§ WHAT TO WORK ON
What you return should match the data below exactly, with no pictures in it.

§ DATA PROVIDED
◆ ◆ ◆ ◆ ◆

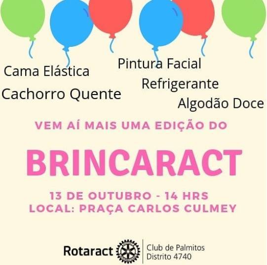 O Rotaract Club de Palmitos proporciona momentos de descontração e alegria para as crianças do município em comemoração ao dia das crianças, comemorado no dia 12 de outubro. Neste sábado, dia 13 de outubro, acontece mais uma edição do Brincaract na Praça Carlos Culmey, das 14h às 18h.
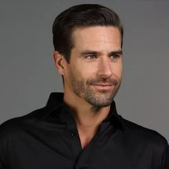 Quattro Flex Dress Shirt With Semi-Spread Collar Black Gingham
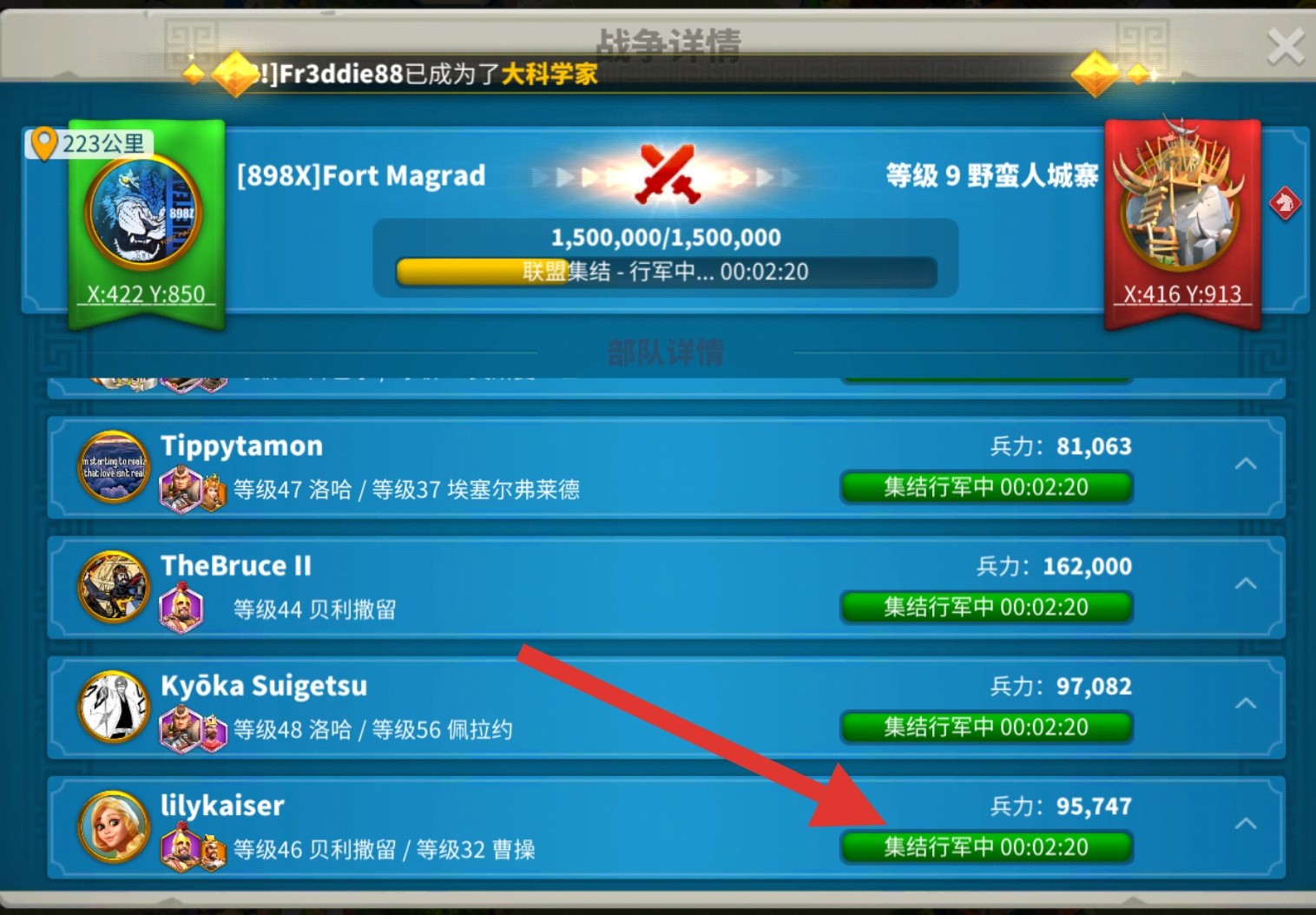 当你点击加入集结后,你的部队会前往发起集结城市,由于不同盟友城市的位置不同,往往会出现距离过远、行军时间过长的情况。
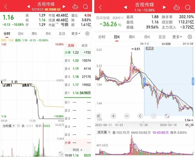 午后,吉视传媒突然闪崩跌停,至收盘报1.16元/股,股价创历史新低。今年以来,吉视传媒累计下跌超36%。

◆ ◆ ◆ ◆ ◆

§ TASK RESPONSE
 O Rotaract Club de Palmitos proporciona momentos de descontração e alegria para as crianças do município em comemoração ao dia das crianças, comemorado no dia 12 de outubro. Neste sábado, dia 13 de outubro, acontece mais uma edição do Brincaract na Praça Carlos Culmey, das 14h às 18h.
 Quattro Flex Dress Shirt With Semi-Spread Collar Black Gingham
 当你点击加入集结后,你的部队会前往发起集结城市,由于不同盟友城市的位置不同,往往会出现距离过远、行军时间过长的情况。
 午后,吉视传媒突然闪崩跌停,至收盘报1.16元/股,股价创历史新低。今年以来,吉视传媒累计下跌超36%。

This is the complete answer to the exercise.